Chemically this degradation is a result of acid hydrolysis of the cellulose polymers which are themselves responsible for the intrinsic strength found in paper sheets. The hydrolysis reaction are also autocatalytic since they produce additional acid products which themselves further increase paper acidity and accelerate degradation occurring.

Since untreated paper is too absorbent for the application of inks, hydrophobic fillers also called sizings are added to paper surfaces as part of the manufacturing process which can also have an impact on paper permanence. Sizing impacts absorption of liquids to prevent feathering of inks and dyes and to provide a crisp image.

Paper made before the 19th century was often made by hand from linen and cotton rag materials which are excellent sources of high cellulose, long fibers.
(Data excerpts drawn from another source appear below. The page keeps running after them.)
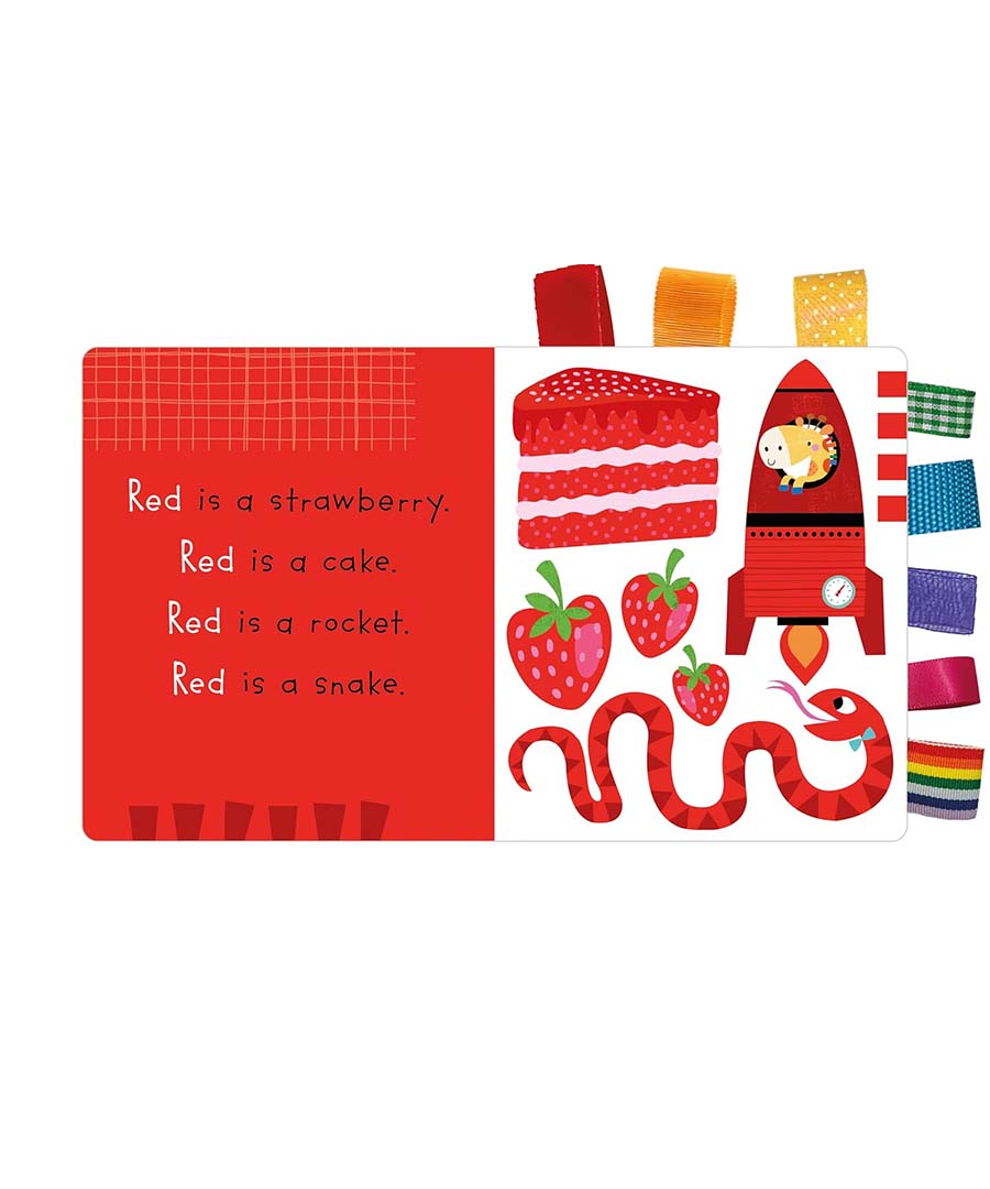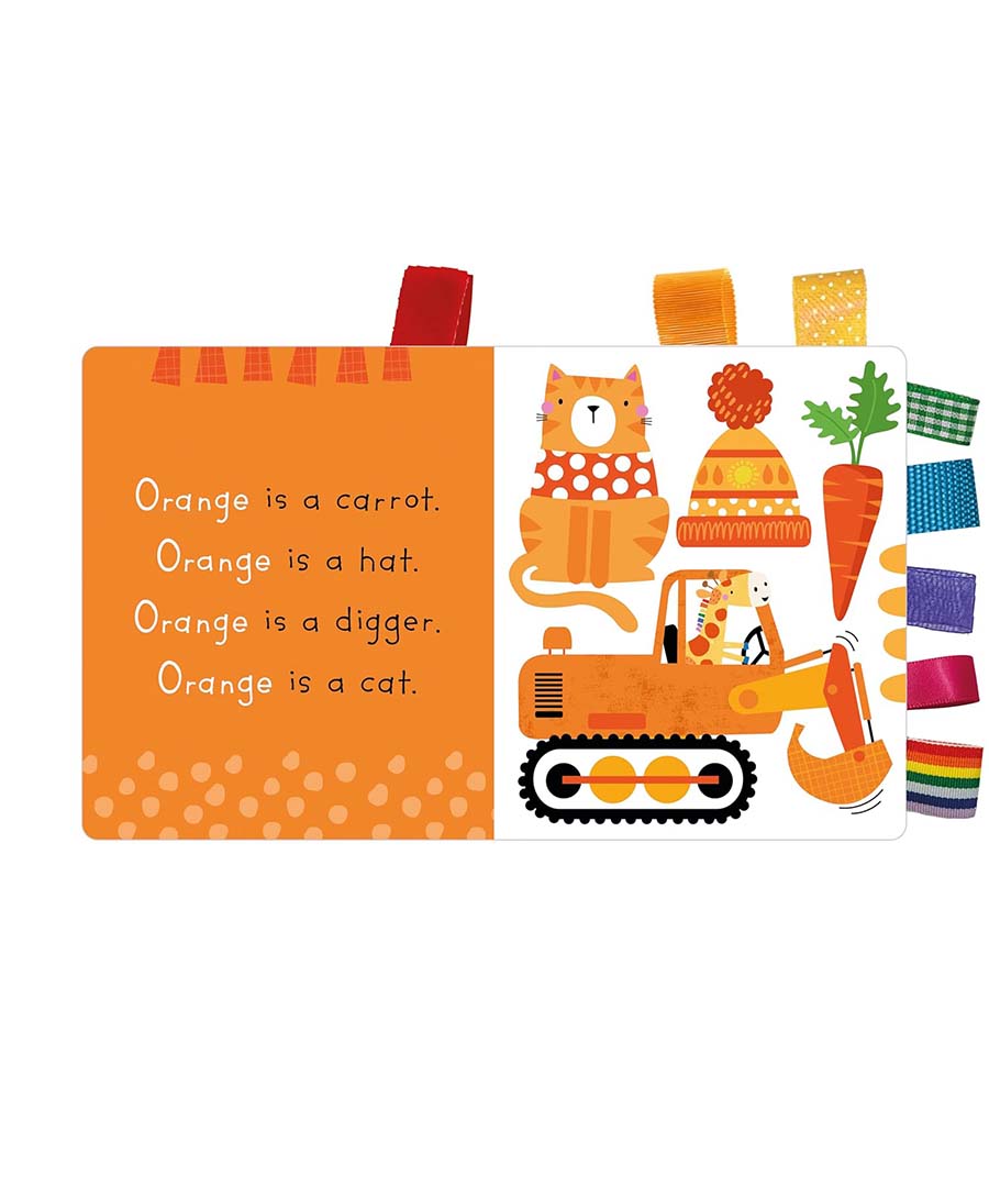 Discover the colors of the rainbow in this engaging board book.This tactile addition to our Sensory Snuggables range uses simple rhymes, colorful ribbon tabs, and playful illustrations to introduce first colors.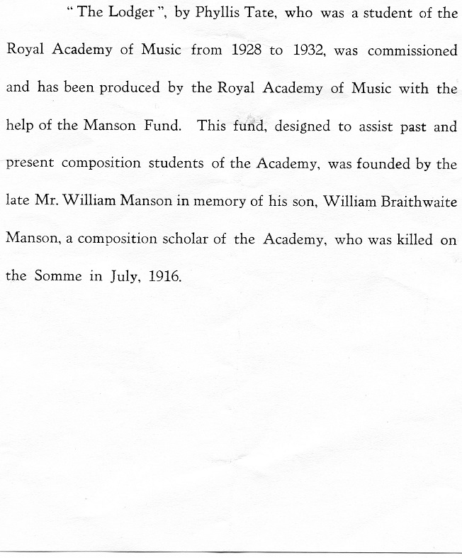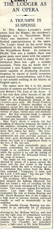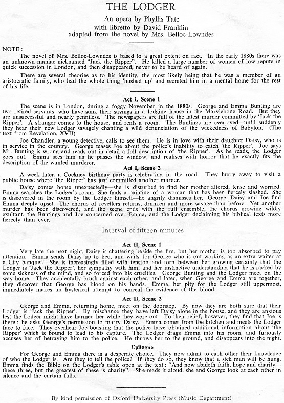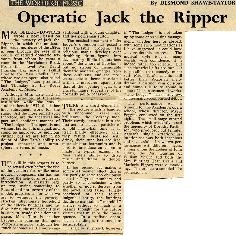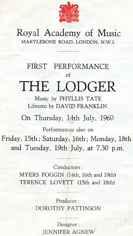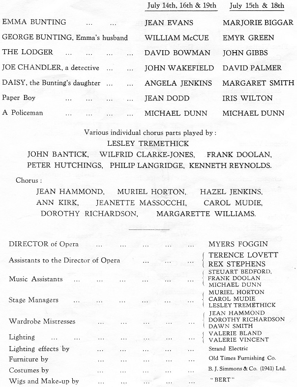 The Lodger An opera by Phyllis Tate, based on the story of Jack The Ripper. The Lodger was premiered by the students of the Royal Academy of London in 1960. Bill was cast as George Bunting. Photocredits: Martin Taylor Photocredits: Martin Taylor
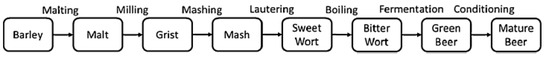 Block flow diagram illustrating material states and stages of a beer manufacturing process [20].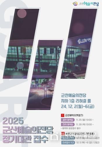 한국현대미술신문 강경숙 기자 | 군산예술의전당이 지역예술가들과 문화프로그램 운영자들을 위한 2025년도 군산예술의전당 정기대관 신청을 12월 2일부터 시작한다. 신청 기간은 12월 2일부터 6일까지 5일 동안이다.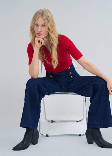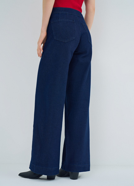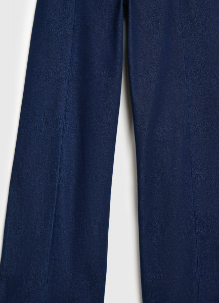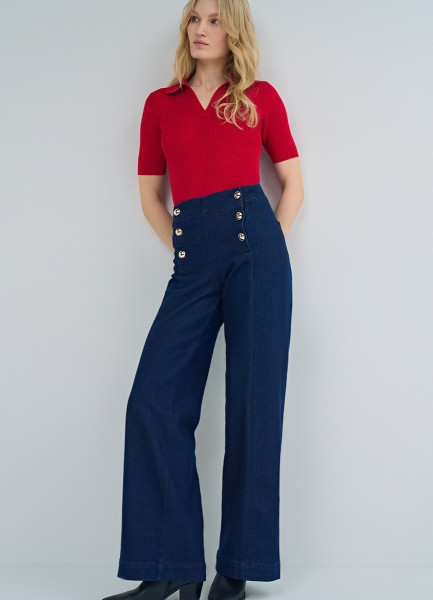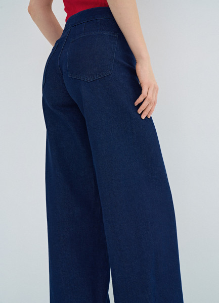 Широкие джинсы высокой посадки с декоративными пуговиицами, Синий

Gelatin, from animal hides, was used to size such papers and because the resulting papers were neutral to only slightly alkaline they had very good storage properties. The paper machine appeared at the end of the 18th century, and as the demand for paper outpaced sources of available gelatin, cotton rags and linen, wood fiber took the place of cotton and linen. However, wood has shorter fibers and lower cellulose content along with lignin so that chemical methods had to be developed to free fibers from wood and other plant matter to supply the increasing amounts of paper furnish needed. Mechanical action [“beating”] to soften and bleaching to whiten these new materials yielded pulps that could be laid down by machine as a sheet with subsequent drying to form paper.
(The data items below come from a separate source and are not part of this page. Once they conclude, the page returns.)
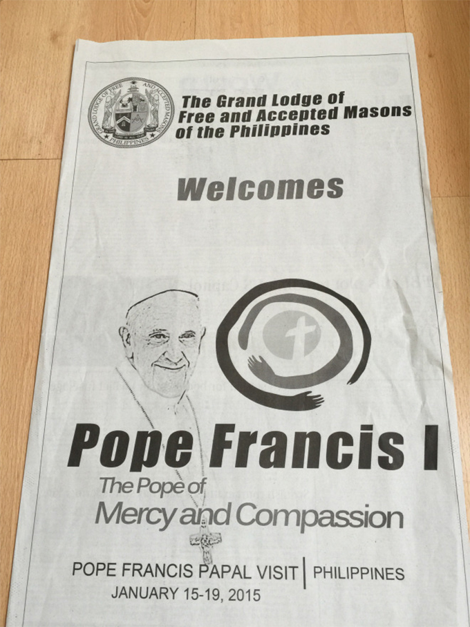 Durante a viagem de Janeiro do Papa Francisco às Filipinas, dentre os grupos que o recebiam, estava o da Grande Loja de Maçons, os quais trouxeram uma página completa na edição de 16 de Janeiro de 2015 do seu principal jornal do país, o “Philippine Daily Inquirer.”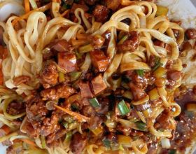 - 4. 将水烧开,下入面条,熟后捞出。淋上熬好的酱,再放上切好的黄瓜和胡萝卜丝。搅拌均匀即可。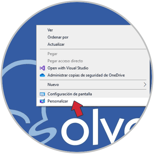 Damos clic derecho en el escritorio y seleccionamos la opción "Personalizar":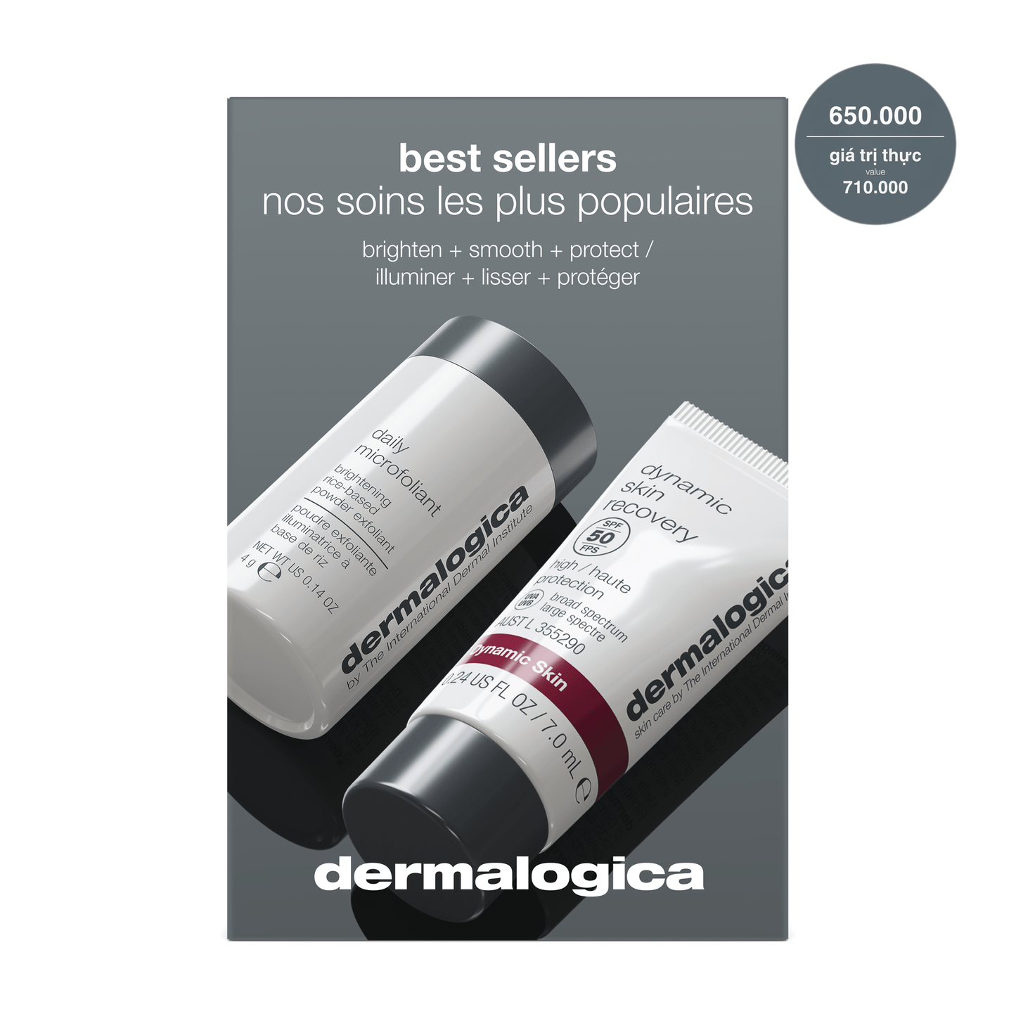 Transformative kit featuring our best selling Daily Microfoliant and Dynamic Skin Recovery SPF50. This perfect pairing delivers a double dose of skin health, starting with gentle yet powerful exfoliation and culminating in moisturization with sun protection for a visibly radiant and resilient complexion.

Gelatin was replaced in the early 1800s with rosin which was mainly abietic acid isolated from pine resin. Alum (papermaker’s alum or aluminum sulfate) was used to precipitate the rosin onto paper forming an alum/rosin sizing. Aluminum sulfate reacts with water – and produces sulfuric acid – and production of paper on the paper machine demanded additional alum, so papermakers often used the salt in excess. The industrial revolution added outside factors such as air pollution and acidic oxides of nitrogen or sulfur and ozone to the environment. Early bleaching processes using chlorine and hypochlorites, strong oxidizers, also degraded the cellulose and reduced its strength. All of these led to diminution of paper properties. Fortunately, bleaching processes have totally significantly over the past few decades and the chlorination and hypochlorite steps are no longer used resulting in less damage is done to resulting fiber.

The strength of paper results from a combination of factors. The most important is the condition of cellulose, in particular chain length. Cellulose is made up of repeating units of glucose monomers and the number of glucose units present provides a measure of degree of polymerization (DP). In native cellulose from wood DP is about 10,000. Depending on the nature of the pulping and bleaching, the DP of processed cellulose falls to a range of 600 – 1100.

After this reduction the paper fibers are still quite strong, but fiber strength is highly dependent upon retaining this DP and acids break cellulose bonds randomly often cutting the cellulose polymer in central regions. These attacks drastically reduce the DP of cellulose and quickly weaken the fibers. Alkalis also attack cellulose, but by a different mechanism, in which only end units are removed (end peeling) so that alkaline degradation has much less effect on reducing DP (Bristow and Kolseth, 1986)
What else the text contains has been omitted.